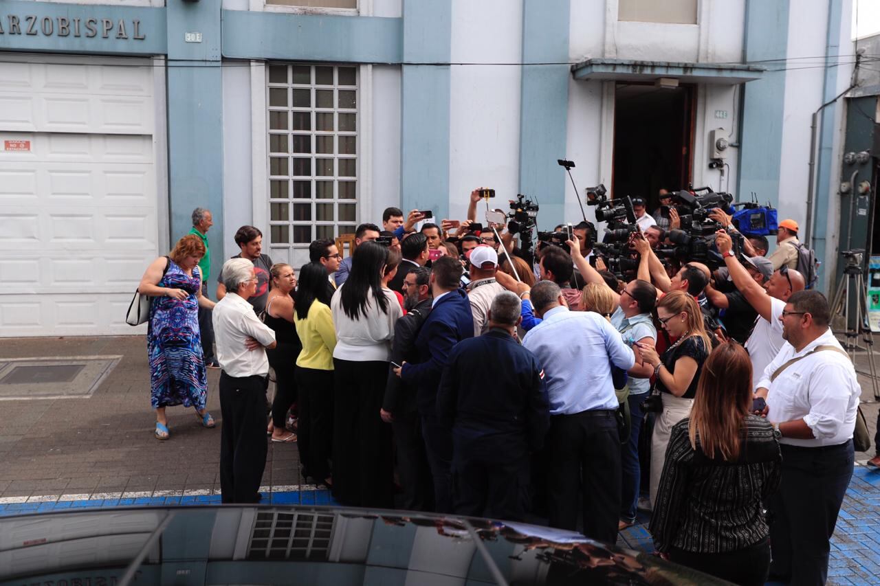 Casi tres horas después, la prensa se encuentra a la expectativa de lo que se ha tratado dentro de la Casa Arzobispal, ubicada al costado sur de la Catedral Metropolitana, en San José.
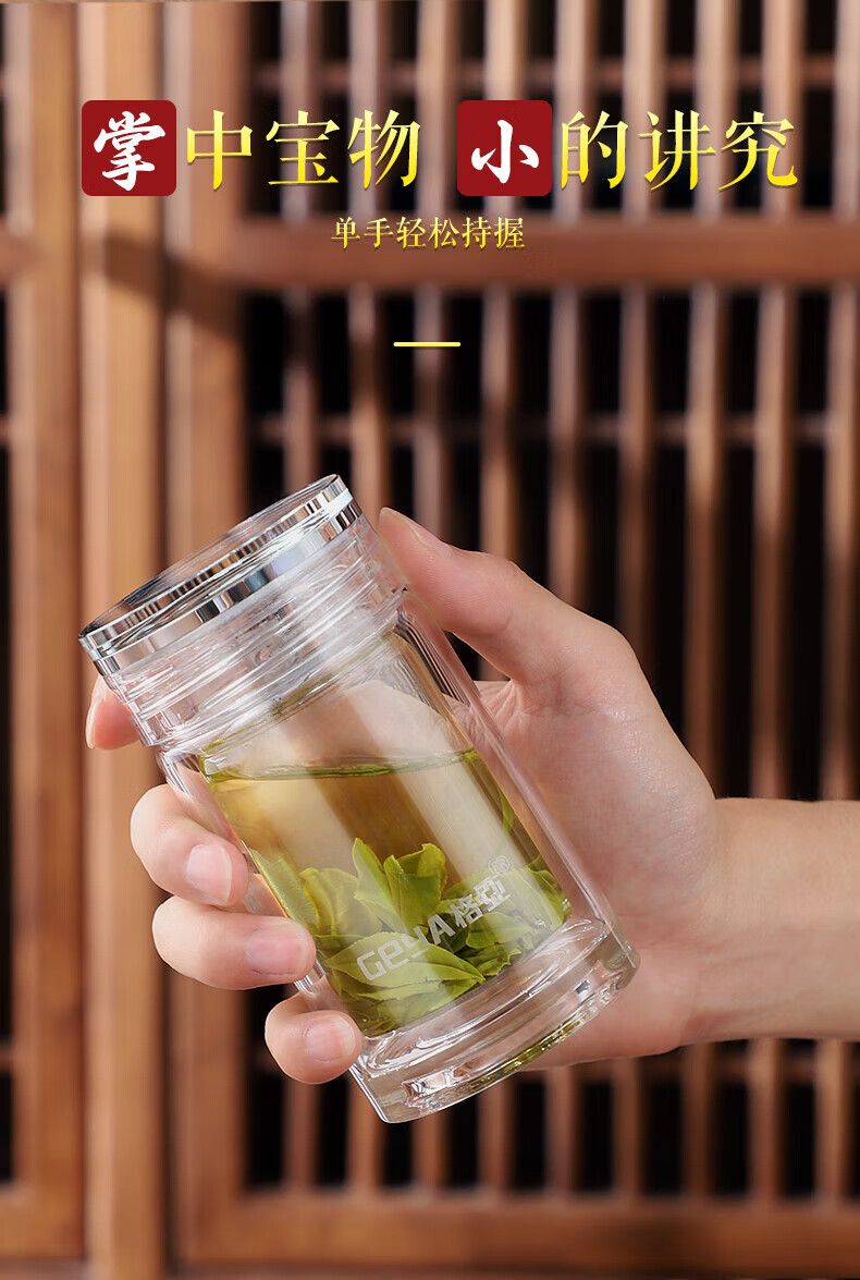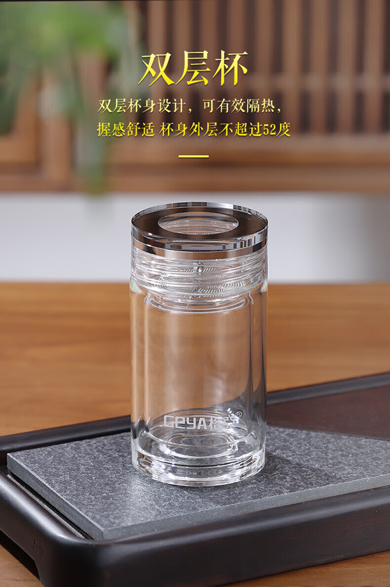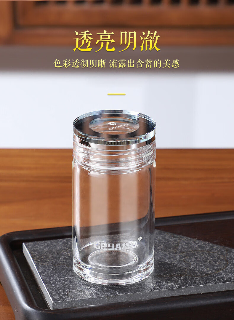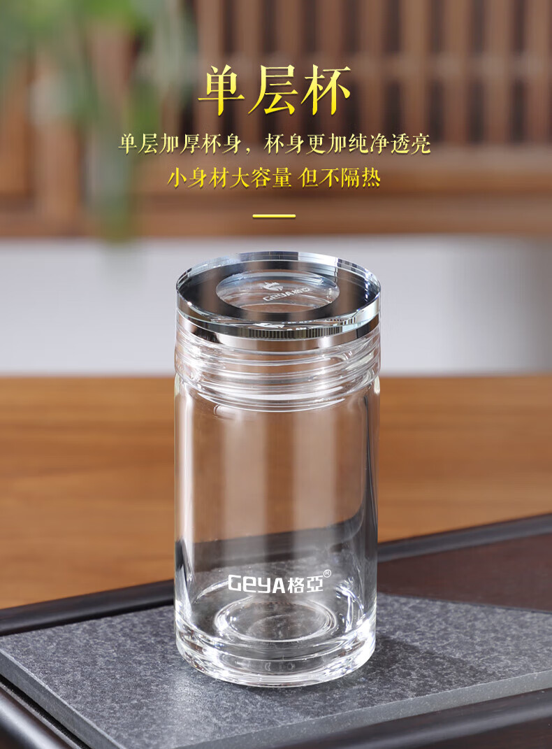格亚(GEYA)玲珑双层玻璃杯迷你茶杯男女士高颜值水杯矮胖泡茶杯便携小杯子 单层杯240ml 【礼盒装】
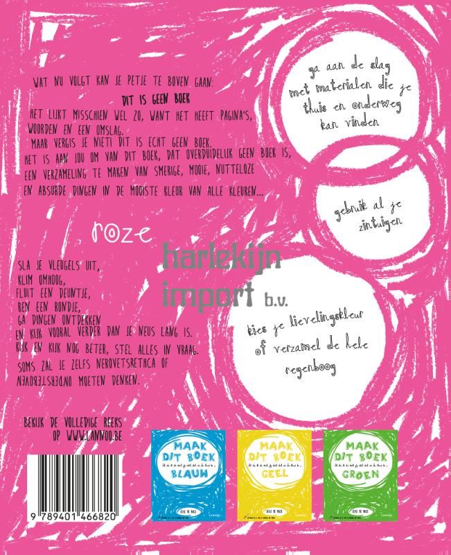 Ik zie, ik zie wat jij niet ziet en het is... is een reeks van 4 doe-boekjes voor kinderen met telkens één kleur in de hoofdrol! De kinderen worden uitgedaagd om kunst te maken met voorwerpen en materialen die ze thuis, onderweg, op school... kunnen vinden.
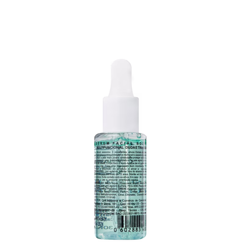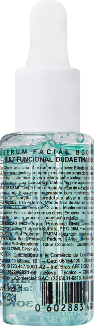 O Sérum Duda e Tina Vegan Beauty Booster Multifuncional associou 3 excelentes ativos: Extrato de Cafeína, Niacinamida e D-Pantenol que juntos protegem e melhoram o aspecto da pele do rosto, contribuindo para uma pele mais jovem e hidratada.
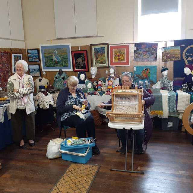 Bev Loeckenhoff, Meron Lewcock and Dianne Burbridge, all of Murray Bridge, demonstrated the arts of felting and weaving. Behind displayed on the wall were beautiful felted paintings by Robyn Smith, Mannum.

> [WHAT THIS TASK INVOLVES]:
Restate word for word every line from the top of the entries above to the line with "Ik zie, ik zie", inclusive, and skip any pictures.

> [TASK RESULT]:
 Casi tres horas después, la prensa se encuentra a la expectativa de lo que se ha tratado dentro de la Casa Arzobispal, ubicada al costado sur de la Catedral Metropolitana, en San José.
格亚(GEYA)玲珑双层玻璃杯迷你茶杯男女士高颜值水杯矮胖泡茶杯便携小杯子 单层杯240ml 【礼盒装】
 Ik zie, ik zie wat jij niet ziet en het is... is een reeks van 4 doe-boekjes voor kinderen met telkens één kleur in de hoofdrol! De kinderen worden uitgedaagd om kunst te maken met voorwerpen en materialen die ze thuis, onderweg, op school... kunnen vinden.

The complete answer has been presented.